HOW TO COMPLETE THIS TASK:
Line by line, transcribe the data below exactly and pass over the images.

━━━ DATA FOR THIS EXERCISE ━━━

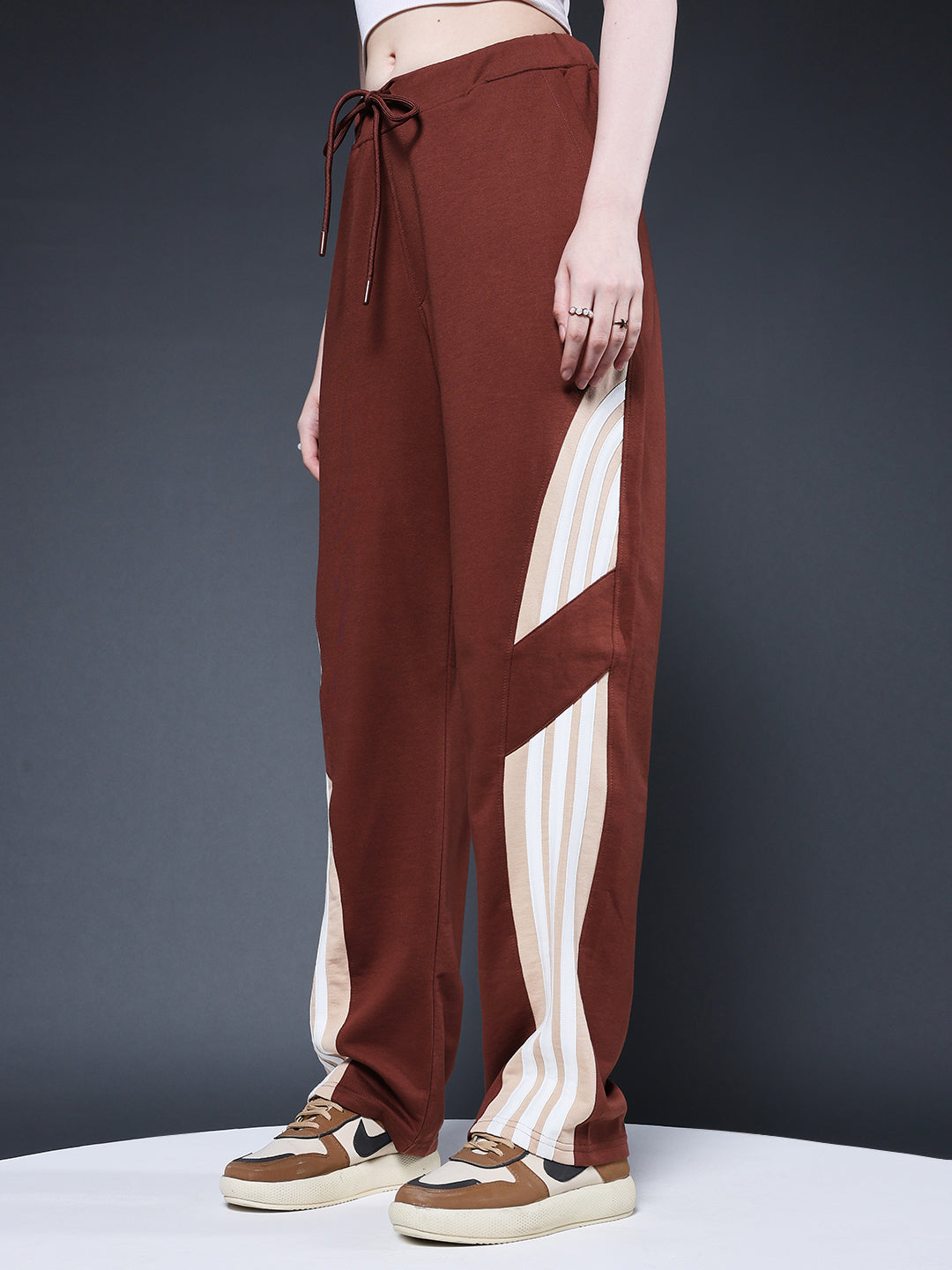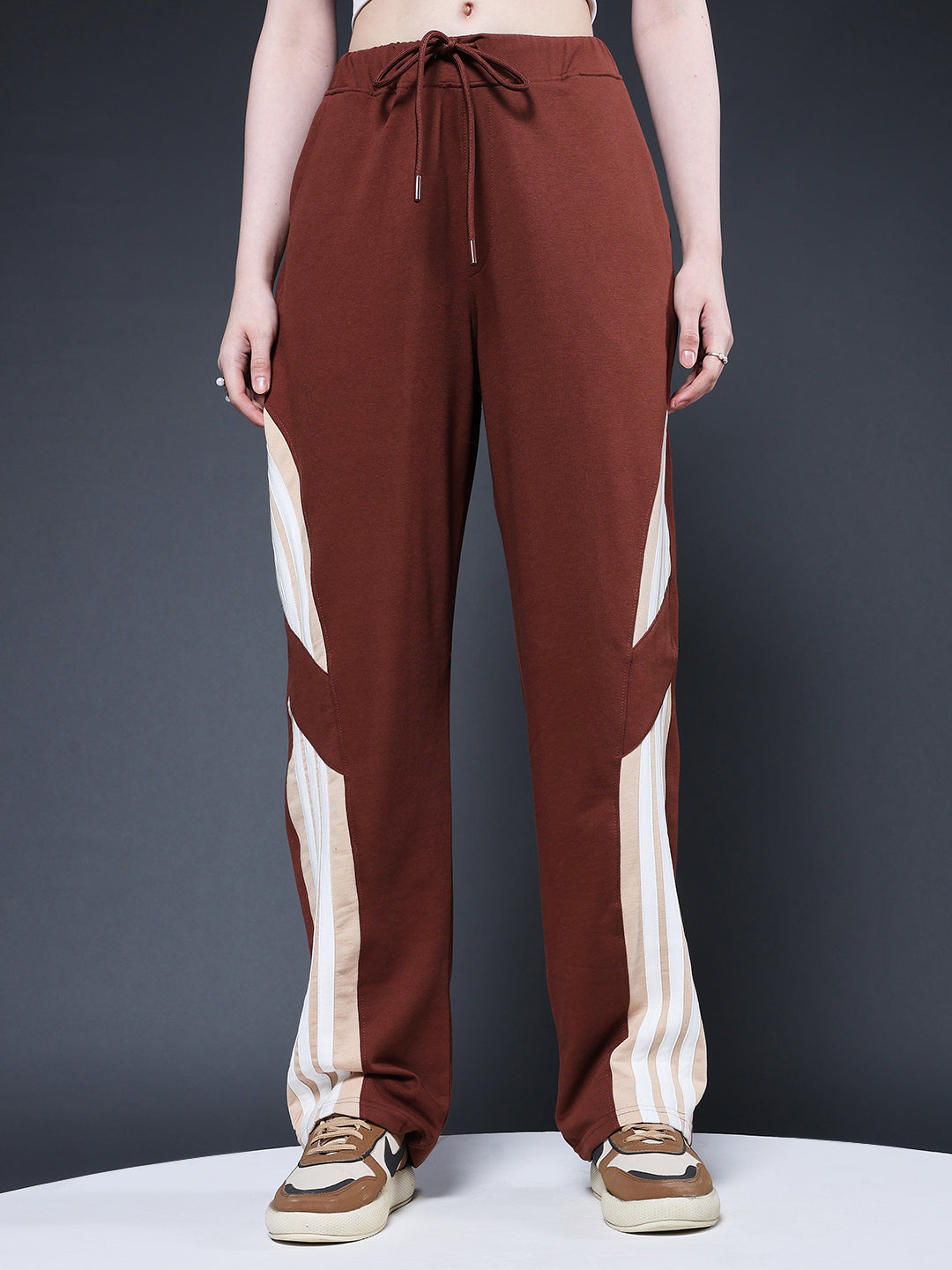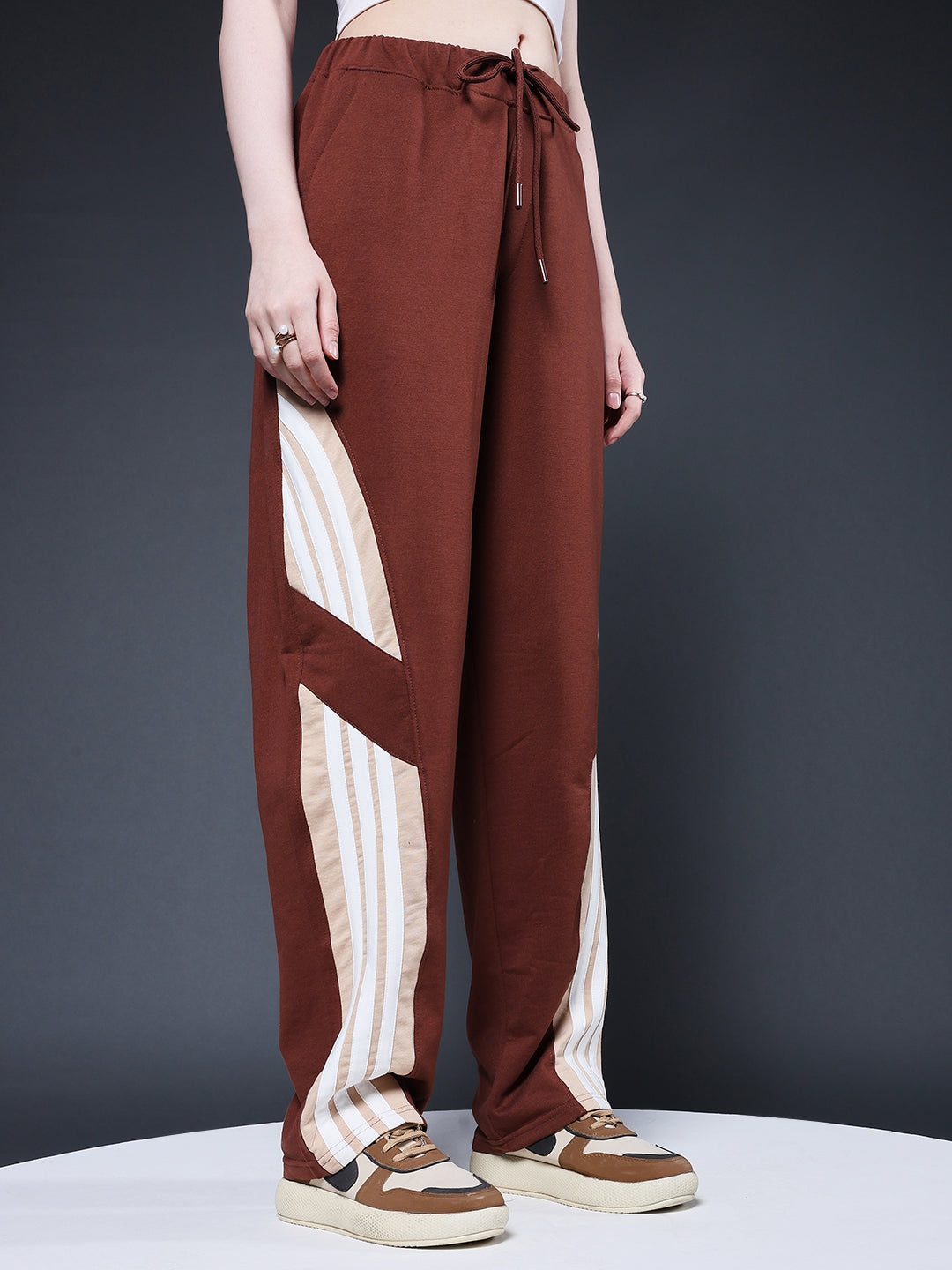 Stay comfortable and stylish with these relaxed-fit women premium jogger with side stripes, It offer the perfect combination of fashion and function. Specifications Fit: Relaxed Fit Composition: 60% cotton 40% polyester Material: French Terry Waistband: Elasticated with Drawstring Pockets: 2 side pockets, 1 Back Pocket Size: Model is wearing L size Country of Origin: Proudly Indian Washing Instructions: Machine wash. Do not iron directly or scrub. Dry on flat surface as hanging may cause measurement variations Color shown in the picture may vary from the actual product due to different lighting Product Description Get the cocoa color best women premium terry jogger with side stripes online from PRONK. Available in 30 to 36 size. Buy now free worldwide shipping!
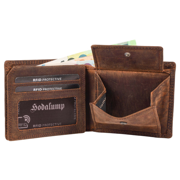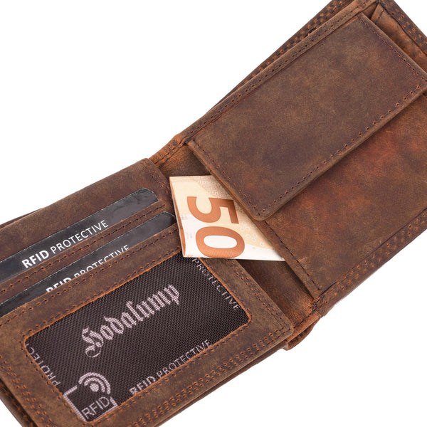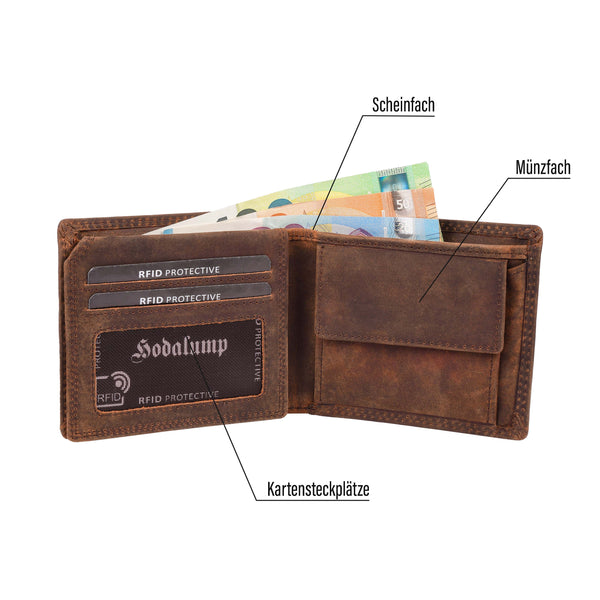 De Hodalump Classic portemonnee van bruin vintage echt leer is extreem duurzaam en robuust. Hij beschikt over een muntvak, 2 biljetvakken, 6 kaartvakken en een kijkvak. De geïntegreerde RFID-bescherming zorgt voor extra veiligheid.
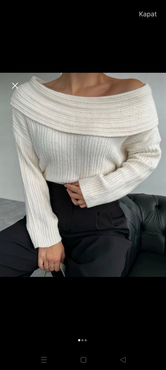 Beyaz triko keten kumaştan, kayık yaka ve uzun kollu. Bol kesim ve normal boyda, günlük rahatlık ve sokak stili için uygun.
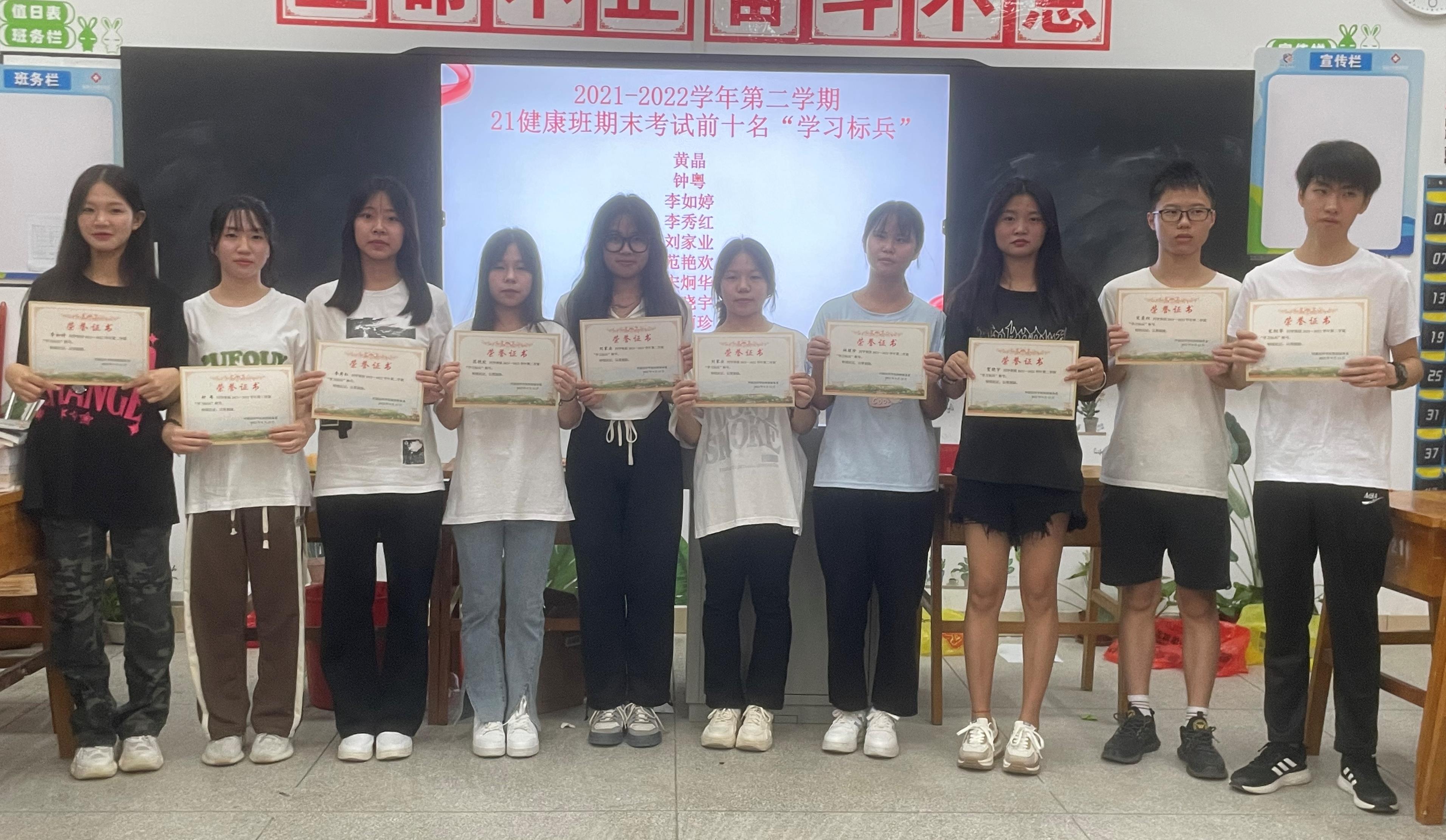 2022-09-14初心如磐砥砺行,久久为功结硕果。开学伊始,21健康服务与管理班召开新学期动员会暨表彰大会,表彰上学期表现优异的学生,为班级全体同学鼓舞士气,激发全体同学的斗志,同学们都以积极向上的精神面貌迎接新学期的到来。表彰班级前十名学生,荣获“学习标兵”荣誉称号。优秀之光,...
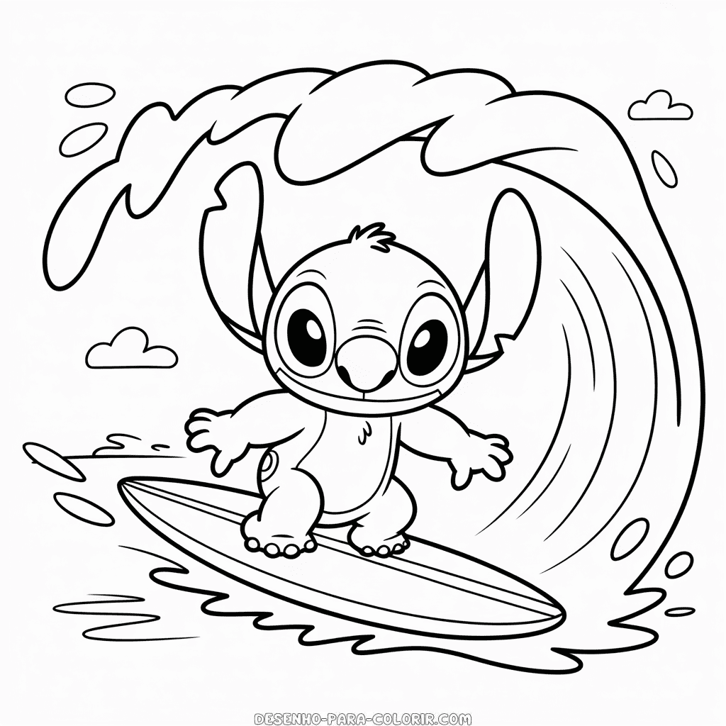 Desenho para colorir grátis de Stitch surfando, mostrando o famoso personagem da Disney se divertindo sobre uma prancha de surfe. Imprima e colora esta ilustração do Stitch se aventurando no mar para crianças. Imagem PNG de alta qualidade, em preto e branco, otimizada para impressão em PDF formato A4.
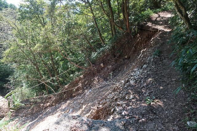 これが原因。路肩は残ってるし、斜度は緩いし、落ちても死にはしないだろう。老若男女、いろんな人が通るから、念の為ってところでしょうか。
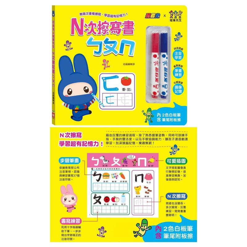 | 者兔&蠟筆先生:N次擦寫書ㄅㄆㄇ 贈「2色白板筆,筆尾附板擦」,厚紙設計好翻好寫 |
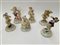 Manifattura tedesca, gruppo di sei sculture in porcellana policroma raffigurant
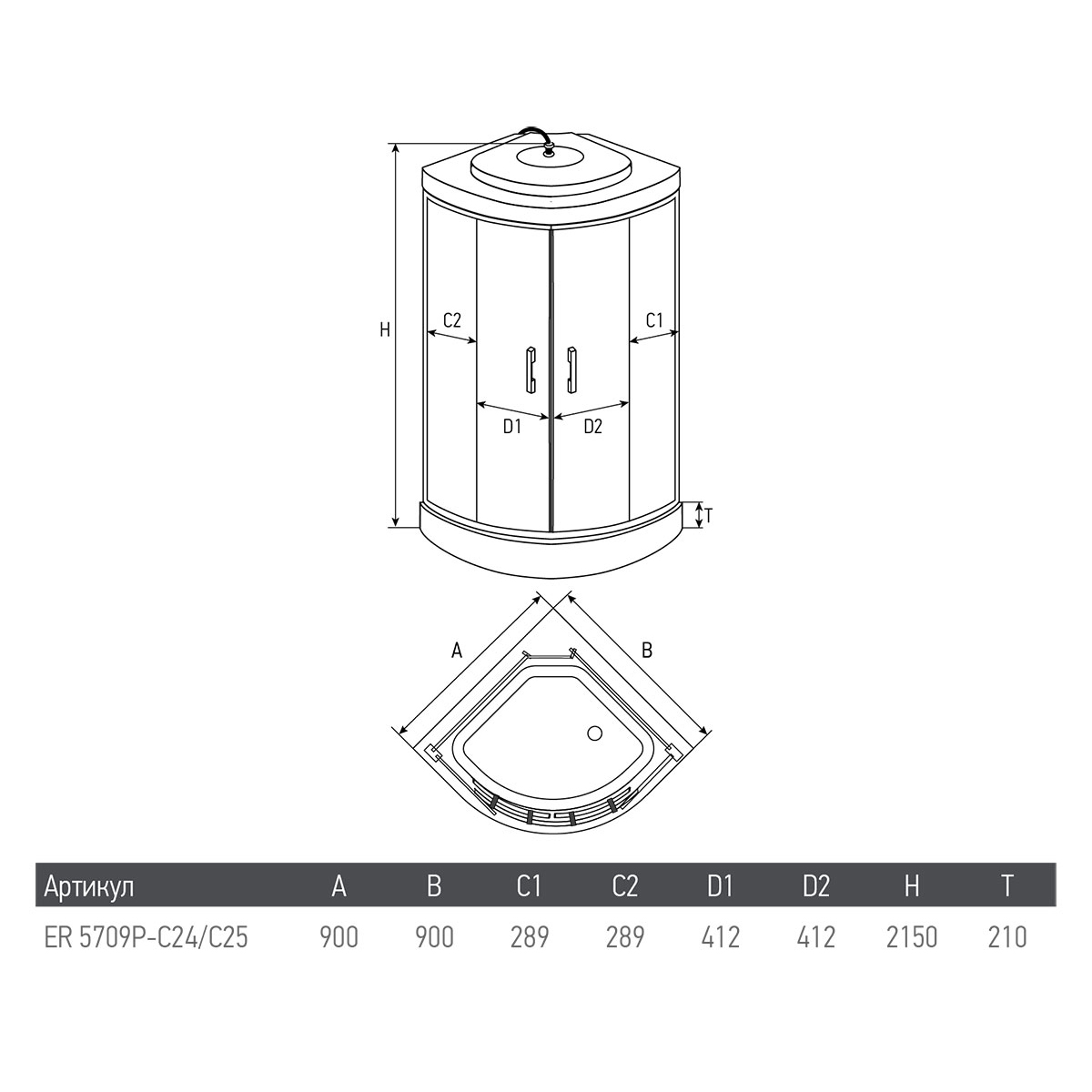 Душевая кабина Erlit 90х90 стекло тонированное, профиль хром (ER 5709P-C24)
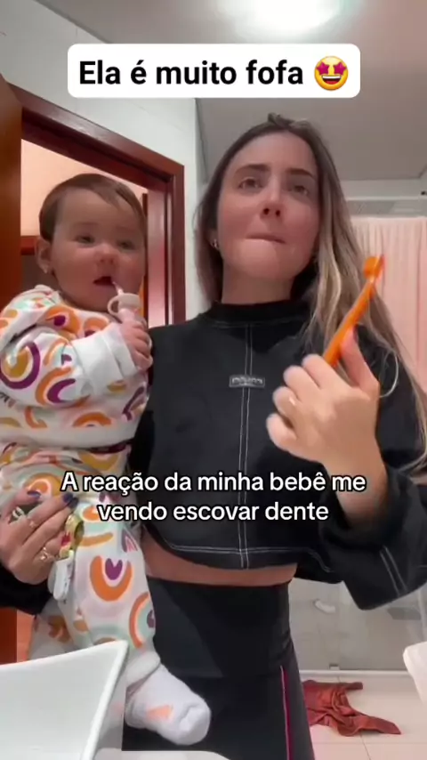 criança rindo da mamãe escovando dente #kawaiagosto # #alegria##baby##viraliza##humor #
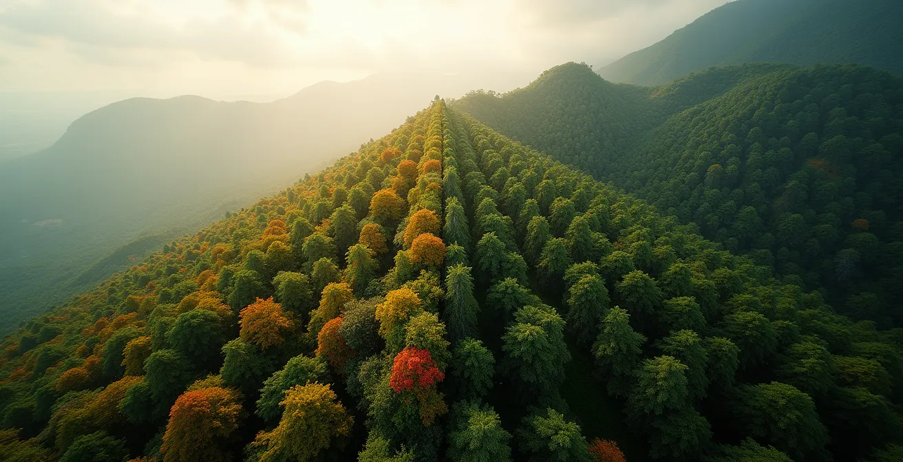 Sur les sentiers du GR R1, autour du majestueux Piton des Neiges, le randonneur est souvent saisi par l’omniprésence du vert. Pourtant, sous cette couleur unificatrice se cachent des mondes radicalement différents. Savoir distinguer une forêt primaire de bois de couleurs d’une plantation de cryptomerias n’est pas qu’une simple question de botanique. C’est la clé pour véritablement comprendre l’écologie de La Réunion, son histoire et la fragilité de ses écosystèmes. Beaucoup de marcheurs passent à côté de cette richesse, voyant une « forêt » là où se côtoient en réalité un trésor de biodiversité et une culture d’exploitation forestière.

━━━

EXERCISE ANSWER:
 Stay comfortable and stylish with these relaxed-fit women premium jogger with side stripes, It offer the perfect combination of fashion and function. Specifications Fit: Relaxed Fit Composition: 60% cotton 40% polyester Material: French Terry Waistband: Elasticated with Drawstring Pockets: 2 side pockets, 1 Back Pocket Size: Model is wearing L size Country of Origin: Proudly Indian Washing Instructions: Machine wash. Do not iron directly or scrub. Dry on flat surface as hanging may cause measurement variations Color shown in the picture may vary from the actual product due to different lighting Product Description Get the cocoa color best women premium terry jogger with side stripes online from PRONK. Available in 30 to 36 size. Buy now free worldwide shipping!
 De Hodalump Classic portemonnee van bruin vintage echt leer is extreem duurzaam en robuust. Hij beschikt over een muntvak, 2 biljetvakken, 6 kaartvakken en een kijkvak. De geïntegreerde RFID-bescherming zorgt voor extra veiligheid.
 Beyaz triko keten kumaştan, kayık yaka ve uzun kollu. Bol kesim ve normal boyda, günlük rahatlık ve sokak stili için uygun.
 2022-09-14初心如磐砥砺行,久久为功结硕果。开学伊始,21健康服务与管理班召开新学期动员会暨表彰大会,表彰上学期表现优异的学生,为班级全体同学鼓舞士气,激发全体同学的斗志,同学们都以积极向上的精神面貌迎接新学期的到来。表彰班级前十名学生,荣获“学习标兵”荣誉称号。优秀之光,...
 Desenho para colorir grátis de Stitch surfando, mostrando o famoso personagem da Disney se divertindo sobre uma prancha de surfe. Imprima e colora esta ilustração do Stitch se aventurando no mar para crianças. Imagem PNG de alta qualidade, em preto e branco, otimizada para impressão em PDF formato A4.
 これが原因。路肩は残ってるし、斜度は緩いし、落ちても死にはしないだろう。老若男女、いろんな人が通るから、念の為ってところでしょうか。
 | 者兔&蠟筆先生:N次擦寫書ㄅㄆㄇ 贈「2色白板筆,筆尾附板擦」,厚紙設計好翻好寫 |
 Manifattura tedesca, gruppo di sei sculture in porcellana policroma raffigurant
 Душевая кабина Erlit 90х90 стекло тонированное, профиль хром (ER 5709P-C24)
 criança rindo da mamãe escovando dente #kawaiagosto # #alegria##baby##viraliza##humor #
 Sur les sentiers du GR R1, autour du majestueux Piton des Neiges, le randonneur est souvent saisi par l’omniprésence du vert. Pourtant, sous cette couleur unificatrice se cachent des mondes radicalement différents. Savoir distinguer une forêt primaire de bois de couleurs d’une plantation de cryptomerias n’est pas qu’une simple question de botanique. C’est la clé pour véritablement comprendre l’écologie de La Réunion, son histoire et la fragilité de ses écosystèmes. Beaucoup de marcheurs passent à côté de cette richesse, voyant une « forêt » là où se côtoient en réalité un trésor de biodiversité et une culture d’exploitation forestière.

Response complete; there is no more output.